AI agents are all the rage and with that has come various stories of agents performing unwanted and consequential actions, diverging from what the user has asked of them. From Claude deleting a company’s database to Meta AI’s alignment director having her emails deleted by an autonomous agent, giving an AI Agent excess access to data and tools is fraught with issues. Whilst fully autonomous, access all-areas agents may be a utopian dream (or nightmare), for large institutions like the University with an absolute obligation to personal data protection and stability, necessary controls and guardrails must be put in place to ensure that we can harness the power of agentic ai whilst eliminating the risk of an agent causing any damage.

What is Agentic AI?
Agentic AI is an extension of the standard AI, like ChatGPT and Claude chatbots, where the LLM is given access to tools and knowledge to act autonomously to achieve goals with minimal human supervision. For example, rather than just having a customer service chatbot, that agent could raise service desk tickets or proactively try and fix a complaint. This introduces the risk of an agent doing the wrong thing rather than a chatbot just saying the wrong thing.
Agents are provided access to tools and resources through various methods, but the most supported and popular method is via the Model Context Protocol (MCP). MCP is like giving the AI a set of ‘approved remote controls’ – each remote can only do a specific thing (read a calendar, create a ticket), and we decide which remotes it’s allowed to hold. An MCP server is a a granular set of tools provided to an agent, providing context on what each tool does and how/when the agent should be using it. An MCP Server can be provided by a third party like Microsoft, or internally where we can build tools to interact with internal data.
The secret to agentic AI security isn’t tearing down our existing security governance, best practice or frameworks, but adapting these proven approaches, to meet the unique challenge created by AI agents and MCP.
Tim Packwood – Head of IT Innovation
How we securely use MCP
Whilst this is new technology, many of the same security principals still apply – if you wouldn’t give an uninformed intern a connection to delete a database, why would you give an agent the same thing? When building MCP connections, we will adhere to 6 key guardrails:
Least Privilege – Any MCP Server will have the minimum access it requires to perform its function. A tool to read files on a SharePoint site will not have write access.
Read-Only by default – Any MCP Server that requires write access must be approved with the use-case, blast-radius and risk associated assessed.

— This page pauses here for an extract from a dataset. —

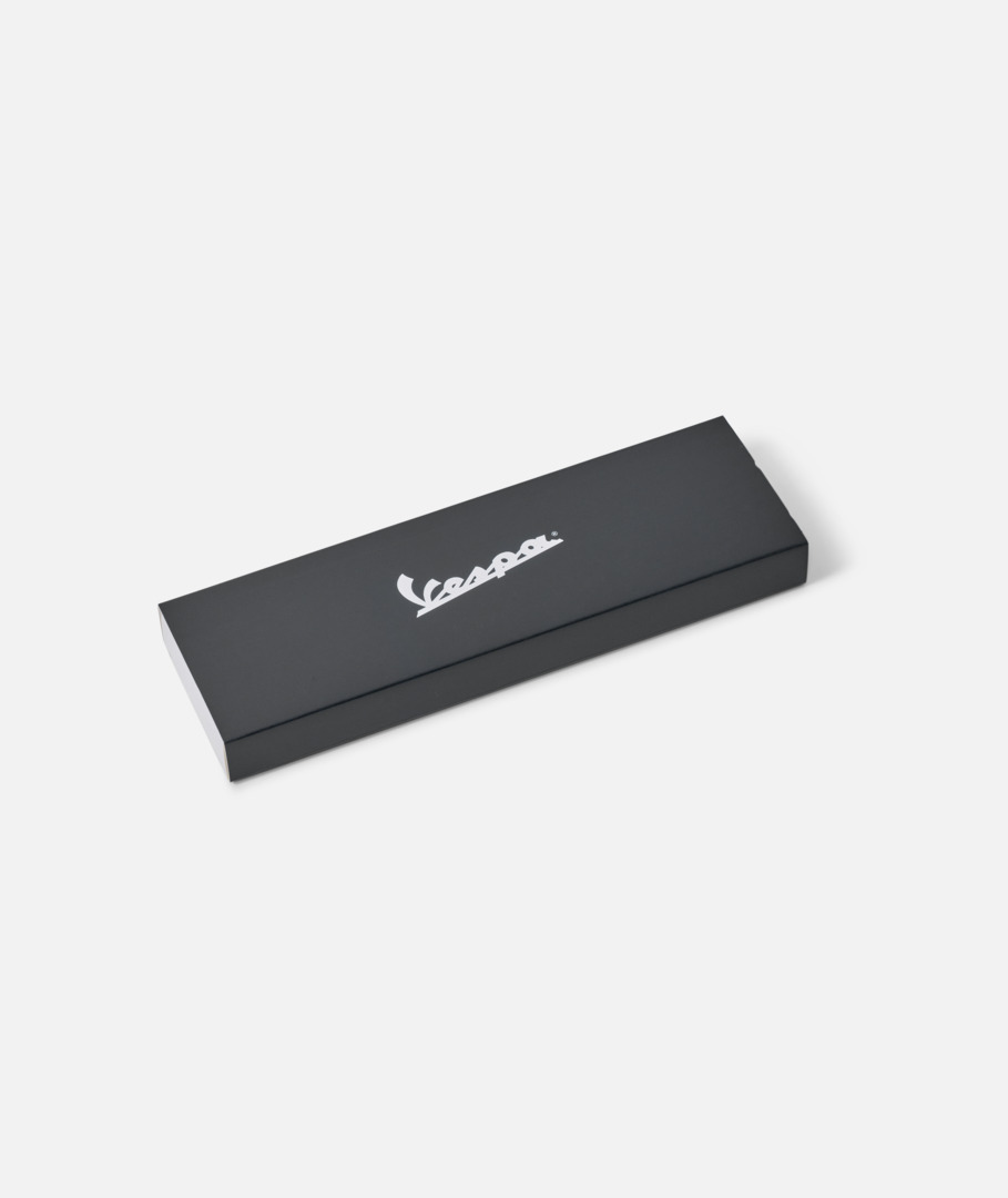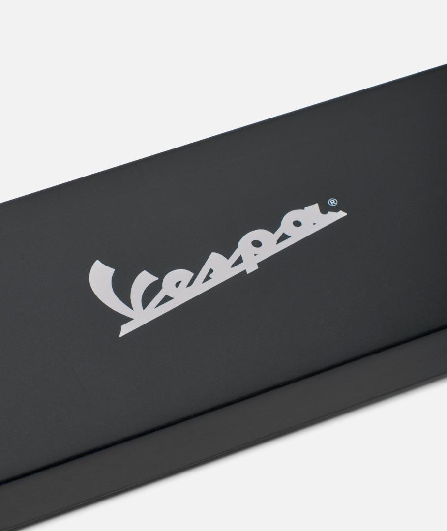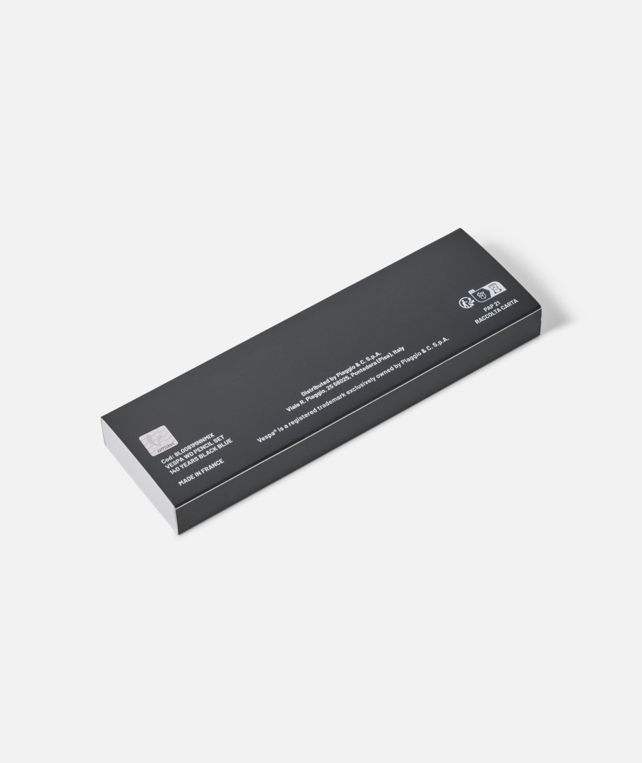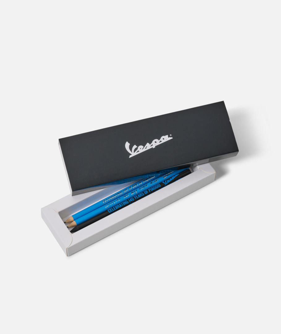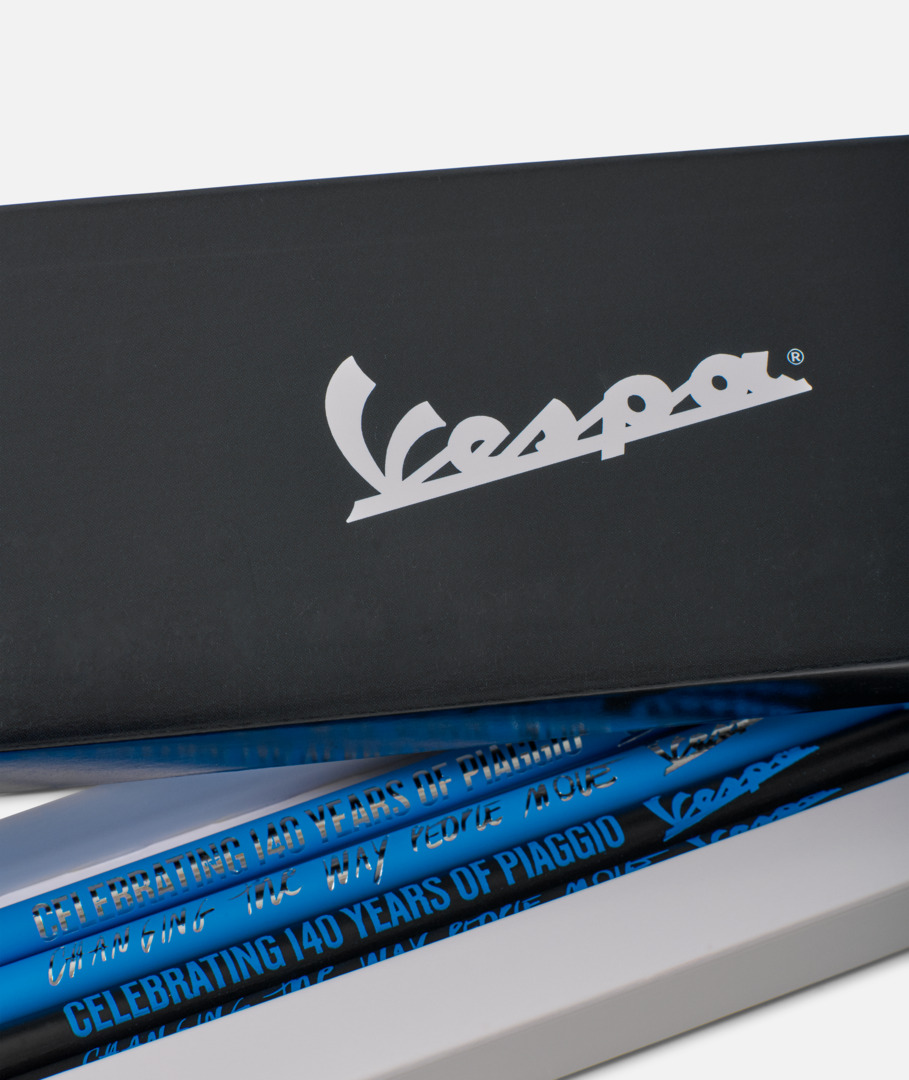 Juego de cuatro lápices HB con marco de madera lacada, con el logotipo de Vespa y una cita que celebra el 140 aniversario de Piaggio. Lápices con sección redonda y goma de borrar en la punta. Empaquetados en una caja de papel.

Human-in-the-loop – We will have varying protocols for human in the loop applied to the differing risk levels associated with the actions. At the highest risk any action the MCP Server is wanting to make must be approved outside of the chatbot interface.
Trust Nothing – The rise of LLMs has introduced a whole new set of security threats with the main one being prompt injection. By maliciously inputting text to manipulate the chatbot to perform actions outside of its intended use case. This can be prevented by sanitising the input and output of the MCP server and applying AI safety filters to the content.
Enforce Security at every layer – From the chat interface to the database, security and access controls for the user will be enforced throughout the authorization flow.
Full Audit Trail – The whole process will be logged to track the tool usage and allow for full visibility if anything does go wrong.
Is the data secure?
All agents developed for the university will be built on NebulaOne, the university’s secure AI platform. NebulaOne provides access to leading AI providers like ChatGPT and Claude with a key guarantee: nothing you enter is ever used to train their underlying models.
Any MCP tools built to power these agents will fall into one of two categories — either developed through a trusted third-party provider with full data security agreements in place, or built directly on the university’s own infrastructure, keeping data entirely within our control. Either way, your data stays protected.
What this means
By developing stringent guardrails on AI Agents, we can provide safe and secure agentic AI capabilities for all members of the university through NebulaOne. We can maximise the functoriality of agents without having the risk of deleted emails or production databases. As with everything in AI, things are moving quickly so these guardrails will continue to evolve and inform our development as new ways of working with agents emerge.